## [Task to complete]
Although the records contain pictures, repeat only the text of every line exactly.
[[ The data, beginning ]]
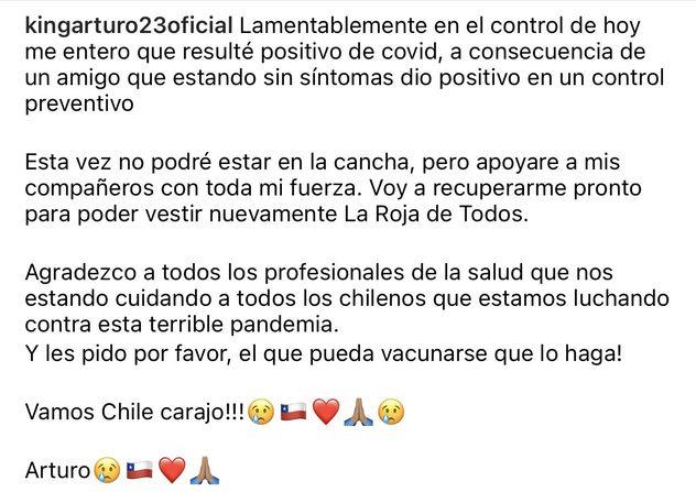 Ваш Артуро", — гласит прикрепленный к сообщению текст в официальном аккаунте Instagram чилийского футболиста.
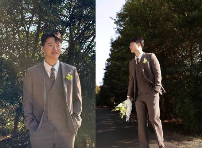 공개된 사진 속 그는 푸른 나무가 우거진 야외 공간에서 단정한 슈트 차림으로 포즈를 취하고 있다. 또 다른 사진에서는 한 손에 부케를 든 모습으로 시선을 끌었다.
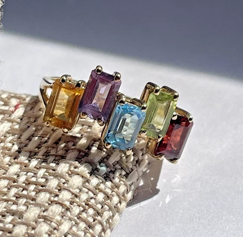 10K Gold Multi Gemstone Ring Garnet Peridot Topaz Amethyst Citrine Sz 6.75
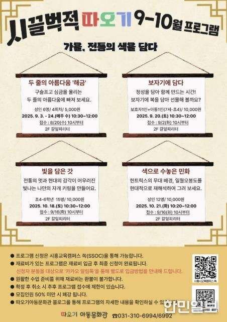한민일보 서울포커스 유현민 기자 | 시흥시 따오기아동문화관이 9월부터 10월까지 ‘전통’을 주제로 한 특별ㆍ상설프로그램을 운영한다. 이번 프로그램은 최근 흥행 중인 애니메이션 케이팝 데몬 헌터스의 인기로 높아진 전통문화 관심과 맞물려, 깊어 가는 가을에 아이들과 가족이 함께 우리 문화의 아름다움을 체험할 수 있도록 마련됐다.
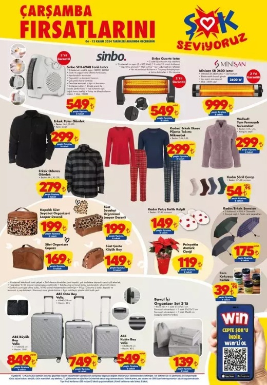 Soğuk havaların başladığı bu dönemde, ısıtıcılar ve polar giysiler de ŞOK'un aktüel ürünleri arasında. Sinbo SFH-6940 Fanlı Isıtıcı 549 TL Sinbo Quartz Isıtıcı 549 TL Minisan SR 2600 Isıtıcı 999 TL Erkek Polar Gömlek 299 TL
[[ The data, end ]]
## [Written solution]
 Ваш Артуро", — гласит прикрепленный к сообщению текст в официальном аккаунте Instagram чилийского футболиста.
 공개된 사진 속 그는 푸른 나무가 우거진 야외 공간에서 단정한 슈트 차림으로 포즈를 취하고 있다. 또 다른 사진에서는 한 손에 부케를 든 모습으로 시선을 끌었다.
 10K Gold Multi Gemstone Ring Garnet Peridot Topaz Amethyst Citrine Sz 6.75
한민일보 서울포커스 유현민 기자 | 시흥시 따오기아동문화관이 9월부터 10월까지 ‘전통’을 주제로 한 특별ㆍ상설프로그램을 운영한다. 이번 프로그램은 최근 흥행 중인 애니메이션 케이팝 데몬 헌터스의 인기로 높아진 전통문화 관심과 맞물려, 깊어 가는 가을에 아이들과 가족이 함께 우리 문화의 아름다움을 체험할 수 있도록 마련됐다.
 Soğuk havaların başladığı bu dönemde, ısıtıcılar ve polar giysiler de ŞOK'un aktüel ürünleri arasında. Sinbo SFH-6940 Fanlı Isıtıcı 549 TL Sinbo Quartz Isıtıcı 549 TL Minisan SR 2600 Isıtıcı 999 TL Erkek Polar Gömlek 299 TL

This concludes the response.